Очевидно, оттого, что у Гейра была старшая сестра Гру, девчоночий мир не казался ему таким заманчивым, как мне. И все-таки он тоже загорелся идеей написать любовное письмо. Мы договорились, что письмо напишу я, а он к нему что-нибудь нарисует. На рисунке был изображен мальчик, наступивший ногой на сердце, а два других смотрели на это со стороны. Под рисунком я красной ручкой написал: Эйвинн разбил наши сердца. Все письмо состояло из пяти строчек.
Дорогая Анна Лисбет!
Сердца наши разбиты
Вернись опять к нам
Послушай
Мы так тебя любим
Вручить ей это письмо мы не могли: вдруг она его кому-то покажет, тем более в школе, тогда мы станем всеобщим посмешищем. Поэтому мы решили только показать ей наше письмо. Свернув в трубку письмо и рисунок, мы понесли их к ней, как две грамоты. Поднявшись наверх со скального выступа у дома фру Йеллен, мы вышли на лужайку под окном Анны Лисбет. Мы кинули в окно горсть гравия, и она выглянула. Сначала мы выставили перед ней рисунки, она взглянула с улыбкой, и мы их порвали, а клочки растоптали, и с этим ушли прочь. Теперь она, по крайней мере, знает, что мы чувствуем. Дальше дело за ней.

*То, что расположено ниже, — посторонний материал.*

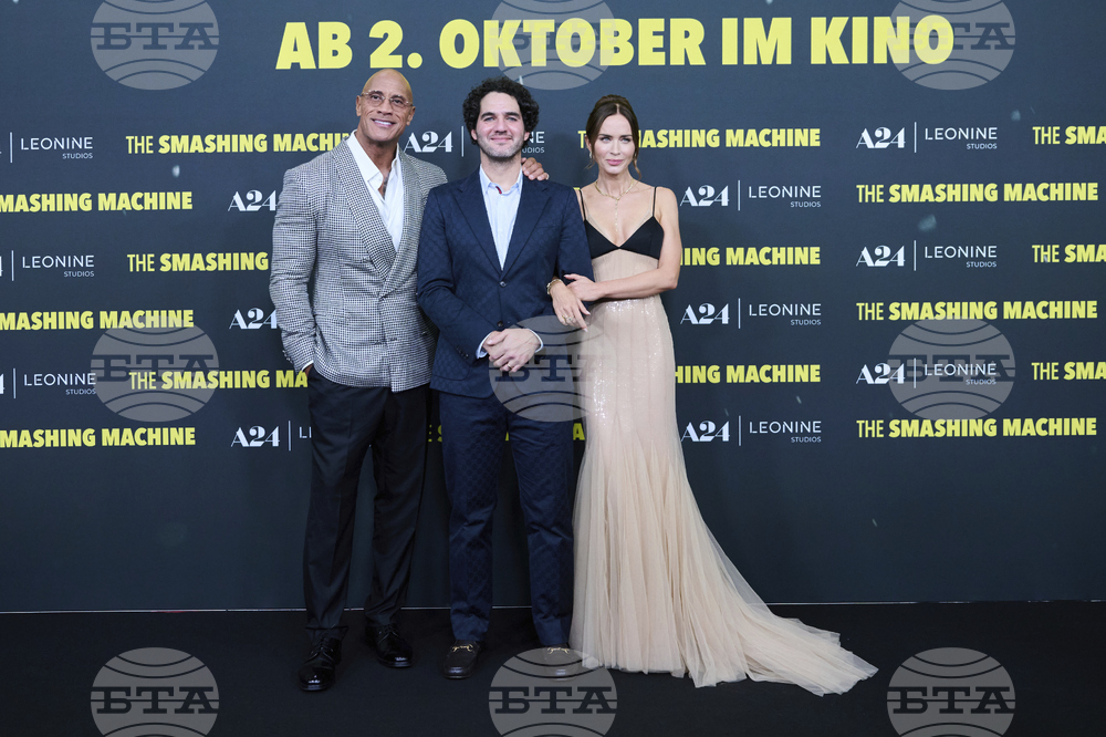 Dwayne Johnson, from left, director Benny Safdie, and Emily Blunt attend the German premiere of "The smashing machine" at the Zoo Palast in Berlin, Germany, Monday, Sept. 22, 2025. (Annette Riedl/dpa via AP)

Гейр остановился на перекрестке.
— Схожу загляну к Вемунну, — сказал он. — Не хочешь со мной?
Я помотал головой. По пути назад я подумал, что надо бы и мне заглянуть к кому-то из новых друзей. Может, к Дагу Магне? Но это показалось бы странным, и я просто пошел домой. Лег на кровать, немного почитал, тут пришел Ингве и спросил, не хочу ли я пойти с ним поиграть на дороге в футбол. Я, конечно, захотел. Больше всего я любил заниматься чем-нибудь вдвоем с Ингве. Чаще всего это бывало дома, мы играли в настольные игры или слушали вместе музыку, а за пределами дома расходились в разные стороны, он — к своим друзьям, я — к своим, за исключением каникул; на каникулах мы вместе купались, играли в футбол, пинг-понг или в бадминтон, да еще в таких случаях, как сегодня: если он заскучает и, кроме меня, ему больше не с кем поиграть.

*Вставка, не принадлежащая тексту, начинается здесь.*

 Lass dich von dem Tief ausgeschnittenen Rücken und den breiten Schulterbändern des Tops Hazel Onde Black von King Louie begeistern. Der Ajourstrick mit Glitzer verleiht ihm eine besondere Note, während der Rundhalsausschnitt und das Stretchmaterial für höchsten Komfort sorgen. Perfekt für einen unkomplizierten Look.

Больше часа мы на пару гоняли мяч: он — мне, я — ему. Потом Ингве бил в мою сторону, а я тренировался отбивать мячи. Потом мы снова пасовали друг дружке.
Каким-то чудом у меня вдруг сошли все бородавки. Сначала уменьшились, а потом, недели через три, исчезли совсем. Кожа на руках сделалась такой гладкой, что было даже трудно представить себе, что раньше она выглядела иначе.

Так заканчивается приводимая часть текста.